§ **Data under study**:
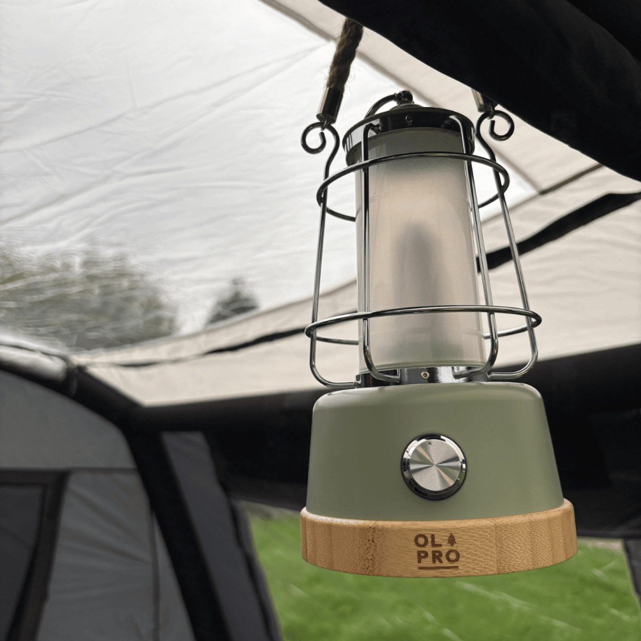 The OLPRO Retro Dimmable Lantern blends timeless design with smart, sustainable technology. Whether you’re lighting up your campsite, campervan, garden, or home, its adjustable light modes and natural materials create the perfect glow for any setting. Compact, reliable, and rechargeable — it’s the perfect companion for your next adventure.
==
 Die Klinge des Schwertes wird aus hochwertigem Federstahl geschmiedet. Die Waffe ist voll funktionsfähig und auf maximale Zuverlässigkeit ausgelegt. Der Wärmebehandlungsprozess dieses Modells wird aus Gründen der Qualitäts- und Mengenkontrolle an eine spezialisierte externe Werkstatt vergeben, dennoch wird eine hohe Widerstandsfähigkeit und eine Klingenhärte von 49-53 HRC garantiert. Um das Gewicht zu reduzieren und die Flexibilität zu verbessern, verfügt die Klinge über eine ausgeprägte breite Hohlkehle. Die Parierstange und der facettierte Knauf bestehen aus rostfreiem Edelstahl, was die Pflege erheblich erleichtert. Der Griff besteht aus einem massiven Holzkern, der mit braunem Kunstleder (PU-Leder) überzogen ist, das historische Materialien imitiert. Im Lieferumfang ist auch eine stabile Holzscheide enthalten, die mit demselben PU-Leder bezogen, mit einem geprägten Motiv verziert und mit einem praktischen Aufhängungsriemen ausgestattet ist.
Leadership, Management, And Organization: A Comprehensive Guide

§ **Exercise objective**: All lines above between those holding "Die Klinge des" and "Leadership, Management, And", inclusive, must be set down unchanged, and no other line may be included.

§ **Response to the exercise**:
 Die Klinge des Schwertes wird aus hochwertigem Federstahl geschmiedet. Die Waffe ist voll funktionsfähig und auf maximale Zuverlässigkeit ausgelegt. Der Wärmebehandlungsprozess dieses Modells wird aus Gründen der Qualitäts- und Mengenkontrolle an eine spezialisierte externe Werkstatt vergeben, dennoch wird eine hohe Widerstandsfähigkeit und eine Klingenhärte von 49-53 HRC garantiert. Um das Gewicht zu reduzieren und die Flexibilität zu verbessern, verfügt die Klinge über eine ausgeprägte breite Hohlkehle. Die Parierstange und der facettierte Knauf bestehen aus rostfreiem Edelstahl, was die Pflege erheblich erleichtert. Der Griff besteht aus einem massiven Holzkern, der mit braunem Kunstleder (PU-Leder) überzogen ist, das historische Materialien imitiert. Im Lieferumfang ist auch eine stabile Holzscheide enthalten, die mit demselben PU-Leder bezogen, mit einem geprägten Motiv verziert und mit einem praktischen Aufhängungsriemen ausgestattet ist.
Leadership, Management, And Organization: A Comprehensive Guide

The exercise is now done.